On the underside of leaves, pores allow carbon dioxide in and oxygen out. When a solution containing the nanoparticles was applied, a backflow effect occurred, with the carbon nanotubes getting absorbed into the leaf. Because the nanotubes were wrapped with polymers or materials that had an affinity for lipids in the chloroplast, they were drawn there, attaching and creating nano-enhanced plants.

Strano and Giraldo ran three experiments, testing the capabilities of the new bionic plants. First, the carbon nanotubes were tuned to respond as a sensor, dropping their near-infrared light emission in the presence of toxins such as pollutants. Second, since the nanotubes could be used to absorb light at wavelengths outside the normal photosynthesis range, extracted chloroplasts with the nanoparticles showed a 49% boost in light energy capture outside plants and 30% inside leaves of living plants. And third, with the help of the nanoceria combined with nanotubes, the chloroplasts were even more robust outside of the plant, rendering them capable of capturing light energy for several hours more than nontreated chloroplasts.

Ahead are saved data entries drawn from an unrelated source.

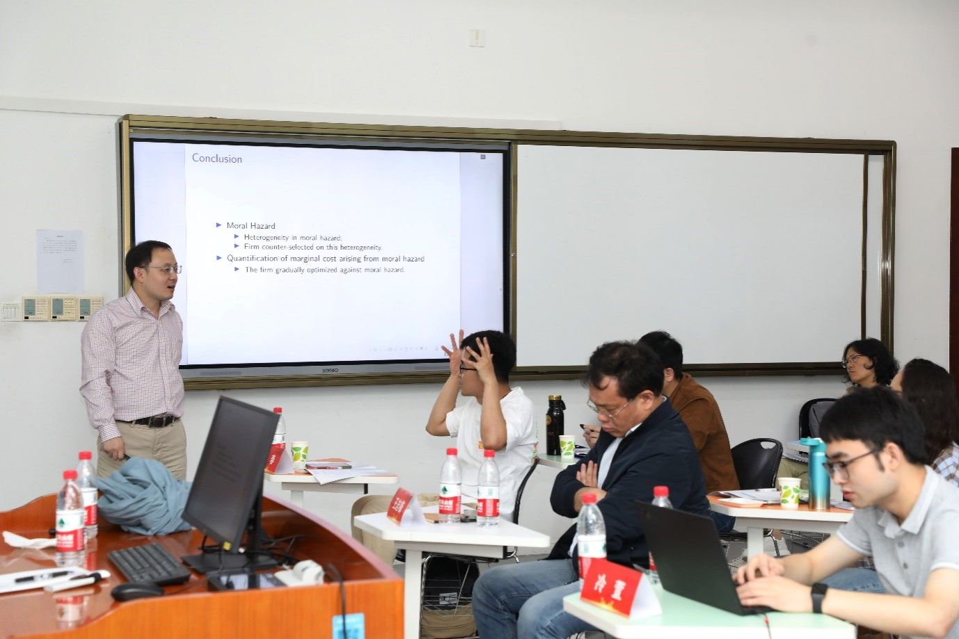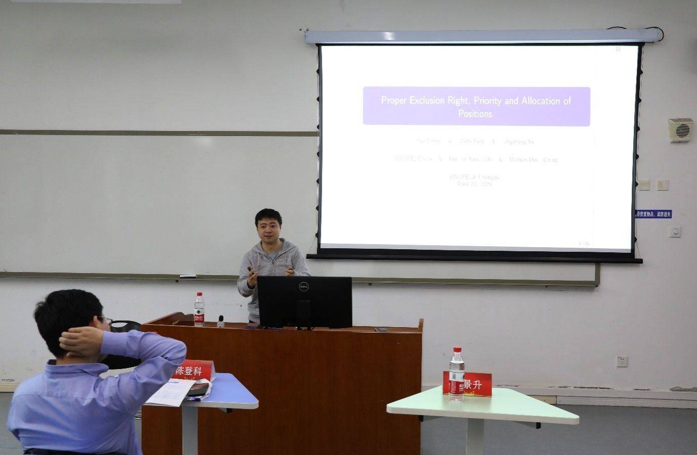来自武汉大学的余景升老师汇报了题为《Proper Exclusion right, priority and allocation of positions》的论文。该文章探讨了对具有排他权性质的物品、工位等“资源”的分配原则与使用规则。如何在没有产权的基础上,设计这些具备排他权的物品(一般由优先权带来)使用问题?如何在一定假设(规范)基础上,达到一个竞争性均衡?文章通过构建模型,推导得出“弱公平”等一系列结果,从而达到对具有“排他权”物品的权力安排。
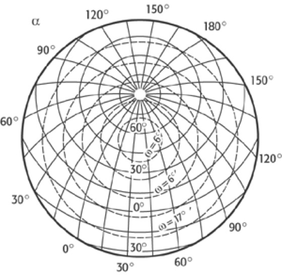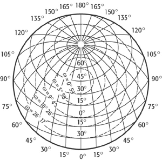 Äquideformaten 1Äquideformaten 1: Äquideformaten der maximalen Winkelverzerrung für den äquidistanten Azimutalentwurf.
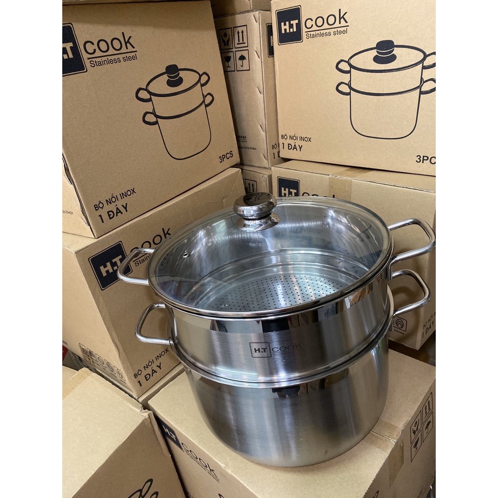 Nhà cửa & Đời sống > Dụng cụ nhà bếp > Nồi || Bộ nồi xửng hấp Inox 1 đáy nắp kính H.T Cook HTNX28001 28cm sử dụng bếp từCòn hàng
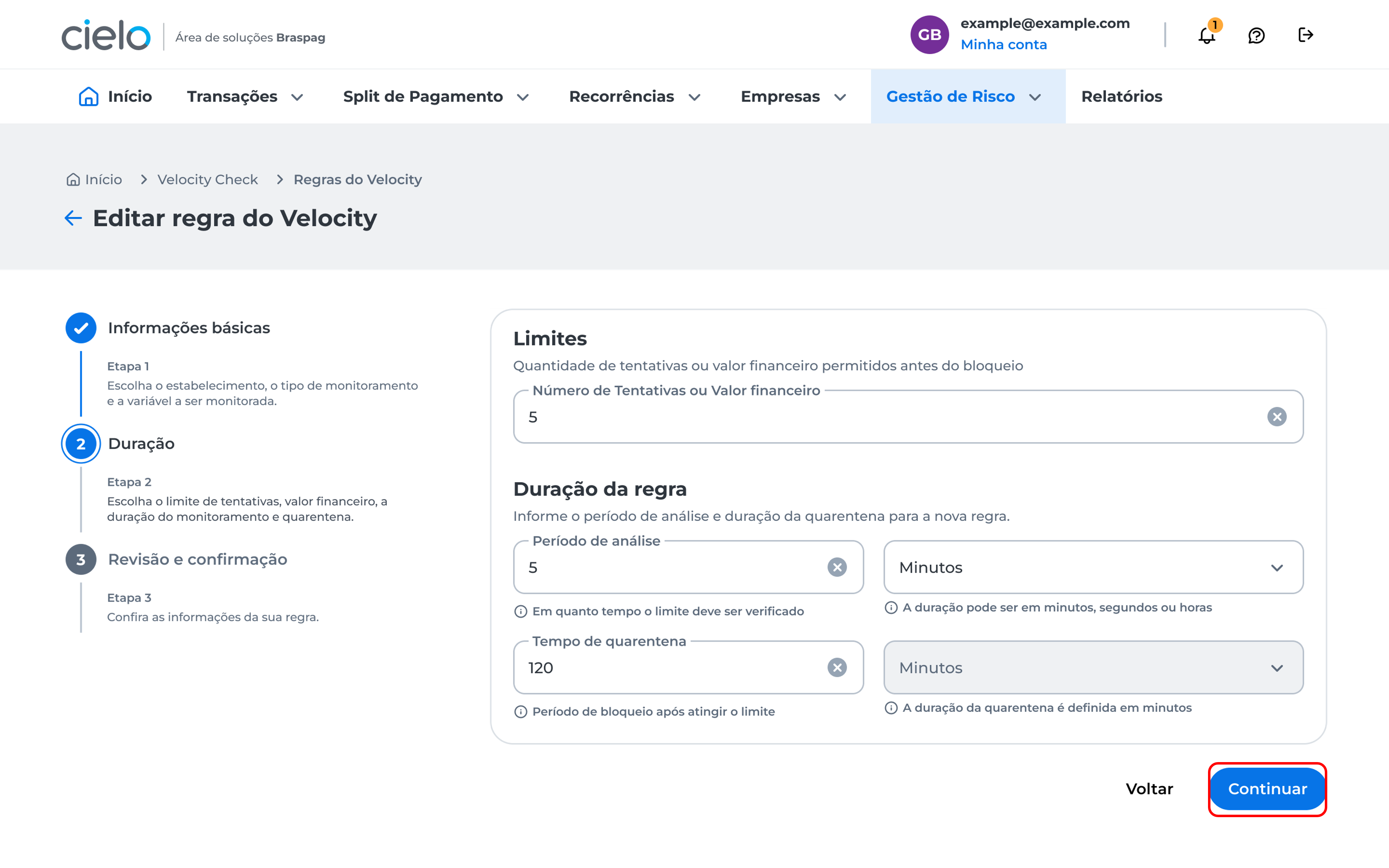 Choose the limits related to the monitoring type selected in the previous step, the duração da regra, and click Continuar:
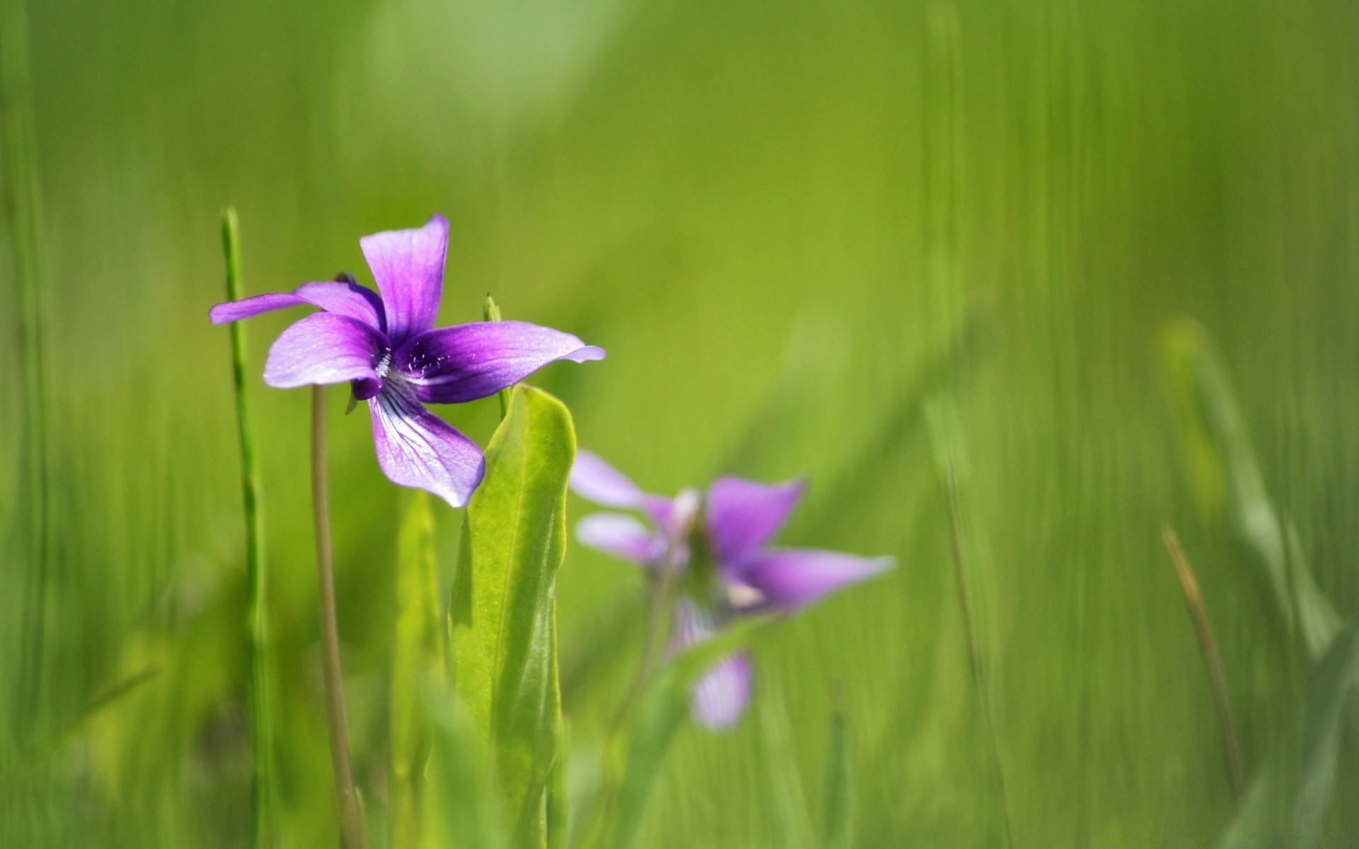 Fotografia makro fioletowy kwiat na zielonym tle

The Arabidopsis plant, with carbon nanotubes absorbed inside its leaves, has augmented light energy capture and may act as a photonic biochemical detector. Image credit: Juan Pablo Giraldo.

“This is unlike anything we’ve seen before,” said Giraldo. “But we need to do more work to understand how the carbon nanotubes” aid in boosting the plants’ abilities.

While these are proof-of-concept ideas right now, Strano foresees many possible applications, not the least of which is materials that have a self-healing property. Imagine, his team said, a cell-phone case that fixes itself after a drop. In addition, there is also the hope of a plant-powered solar cell that could have a negative carbon footprint; it would actually use carbon dioxide to produce clean, environmentally friendly energy.